→ **What to work on**
Copy out the listing that follows exactly, dropping every picture.
BEGIN The records
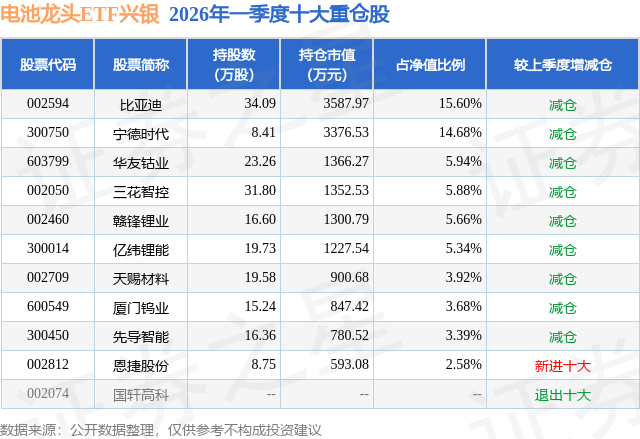 证券之星消息,日前电池龙头ETF兴银基金公布一季报,2026年一季度最新规模2.3亿元,季度净值涨幅为1.38%。
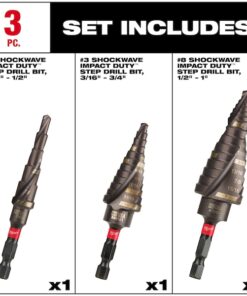 Step Drill Bit Set, High Speed Steel, TiAlN, 1/8 in to 1 in Size Range, Quick-Change Hex, Number of Drill Bits 3, Shank Length Not Applicable, Shank Hex Size 1/4 in
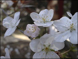 ソメイヨシノは、江戸時代の末に染井村(現在の駒込あたり)の植木職人達が育成したものです。オオシマザクラとちがって、葉が出る前に花が開いて満開になりますから、花が豪勢に見えます。花はエドヒガンより大きくて、今ではサクラの主流になっています。サクラの開花予想もこの花を基準にして発表されています。しかし、オオシマザクラやヤマザクラやエドヒガンに比べて短命で、最盛期は50年から60年くらいです。
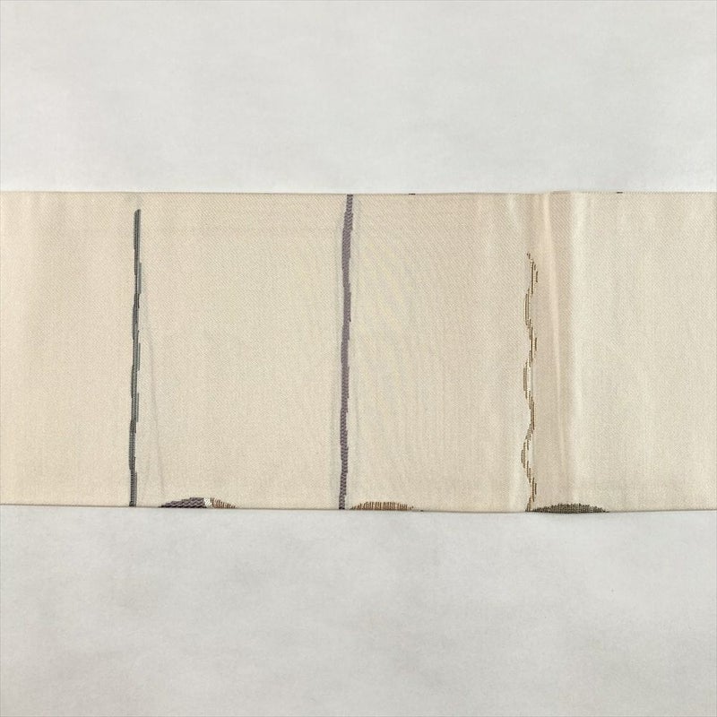 (中古)名古屋帯 白茶 ベージュ カジュアル 名古屋仕立て 織り 丸 線 抽象柄 絹
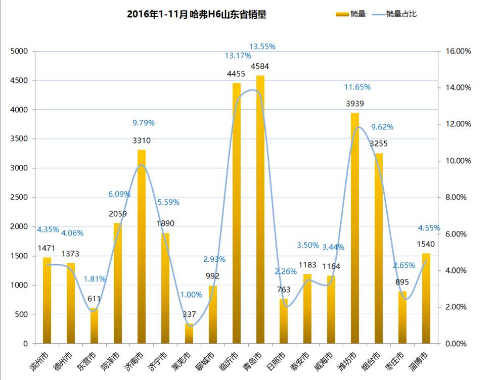 除河北、河南、江苏、广东、四川五省外,山东省也是一个重要的省份。在经济格局上,山东存在多个经济重心。这一点与常见的省城经济一家独大模式不同。从哈弗H6在山东省的销量情况来看,山东省内各地市销量差异极大。2016年前11个月,莱芜市销售哈弗H6总计337辆。同期,山东省哈弗H6销量最高的青岛市销售4584辆。两者销量差距超过13倍。哈弗H6在济南、青岛、潍坊、烟台销量较高。这4个区域是哈弗H6主力销售区域。同时,对照各市人口数量、GDP情况,哈弗H6在德州、聊城、枣庄、淄博的表现相对一般。这几个山东地市整体汽车销量相对较少。哈弗H6在这几个地市销售情况也还是不错的。
END The records
→ **Result of the task**
 证券之星消息,日前电池龙头ETF兴银基金公布一季报,2026年一季度最新规模2.3亿元,季度净值涨幅为1.38%。
 Step Drill Bit Set, High Speed Steel, TiAlN, 1/8 in to 1 in Size Range, Quick-Change Hex, Number of Drill Bits 3, Shank Length Not Applicable, Shank Hex Size 1/4 in
 ソメイヨシノは、江戸時代の末に染井村(現在の駒込あたり)の植木職人達が育成したものです。オオシマザクラとちがって、葉が出る前に花が開いて満開になりますから、花が豪勢に見えます。花はエドヒガンより大きくて、今ではサクラの主流になっています。サクラの開花予想もこの花を基準にして発表されています。しかし、オオシマザクラやヤマザクラやエドヒガンに比べて短命で、最盛期は50年から60年くらいです。
 (中古)名古屋帯 白茶 ベージュ カジュアル 名古屋仕立て 織り 丸 線 抽象柄 絹
 除河北、河南、江苏、广东、四川五省外,山东省也是一个重要的省份。在经济格局上,山东存在多个经济重心。这一点与常见的省城经济一家独大模式不同。从哈弗H6在山东省的销量情况来看,山东省内各地市销量差异极大。2016年前11个月,莱芜市销售哈弗H6总计337辆。同期,山东省哈弗H6销量最高的青岛市销售4584辆。两者销量差距超过13倍。哈弗H6在济南、青岛、潍坊、烟台销量较高。这4个区域是哈弗H6主力销售区域。同时,对照各市人口数量、GDP情况,哈弗H6在德州、聊城、枣庄、淄博的表现相对一般。这几个山东地市整体汽车销量相对较少。哈弗H6在这几个地市销售情况也还是不错的。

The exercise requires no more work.